Reputation: 2356
I have two questions:
(1) How does Tensorflow allocate GPU memory when using only one GPU? I have an implementation of convolution 2d like this (globally using GPU):
def _conv(self, name, x, filter_size, in_filters, out_filters, strides):
with tf.variable_scope(name):
n = filter_size * filter_size * out_filters
kernel = tf.get_variable(
'', [filter_size, filter_size, in_filters, out_filters], tf.float32,
initializer=tf.random_normal_initializer(stddev=np.sqrt(2.0 / n)),
)
return tf.nn.conv2d(x, kernel, strides, padding='SAME')
# another option
# x = tf.nn.conv2d(x, kernel, strides, padding='SAME')
# return x
The another option in the comments does the same operation but have added a new variable x
. In this case, will TF allocate more GPU memory?

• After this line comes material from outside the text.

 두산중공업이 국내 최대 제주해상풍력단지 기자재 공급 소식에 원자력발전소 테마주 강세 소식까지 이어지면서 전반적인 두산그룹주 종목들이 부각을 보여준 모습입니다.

(2) when using multiple GPUs. I'd like to use list
for gathering the results from multiple GPUs. The implementation is below:
def _conv(self, name, input, filter_size, in_filters, out_filters, strides, trainable=True):
assert type(input) is list
assert len(input) == FLAGS.gpu_num
n = filter_size * filter_size * out_filters
output = []
for i in range(len(input)):
with tf.device('/gpu:%d' % i):
with tf.variable_scope(name, reuse=i > 0):
kernel = tf.get_variable(
'', [filter_size, filter_size, in_filters, out_filters], tf.float32,
initializer=tf.random_normal_initializer(stddev=np.sqrt(2.0 / n))
)
output.append(tf.nn.conv2d(input[i], kernel, strides, padding='SAME'))
return output
Will TF allocate more memory because of the usage of list
? Is output
(the list
) attached to some GPU device? I have these kinds of questions because when I am using two GPUs to train the CNNs with this implementation, the program uses much more GPU memory than when using one GPU. I think there is something I missed or misunderstood.
Upvotes: 1
Views: 1162
Reputation: 2356
Using this code to check each tensor and the attached device.
for n in tf.get_default_graph().as_graph_def().node:
print n.name, n.device
So the answers for these two questions:
(1) No.
(2) If I'd like to gather the immediate data across GPUs, and the data are considered to compute the gradients, there would be problems. Because computing gradients consumes memory too. When accessing data across GPUs, additional memory will be allocated.
Upvotes: 0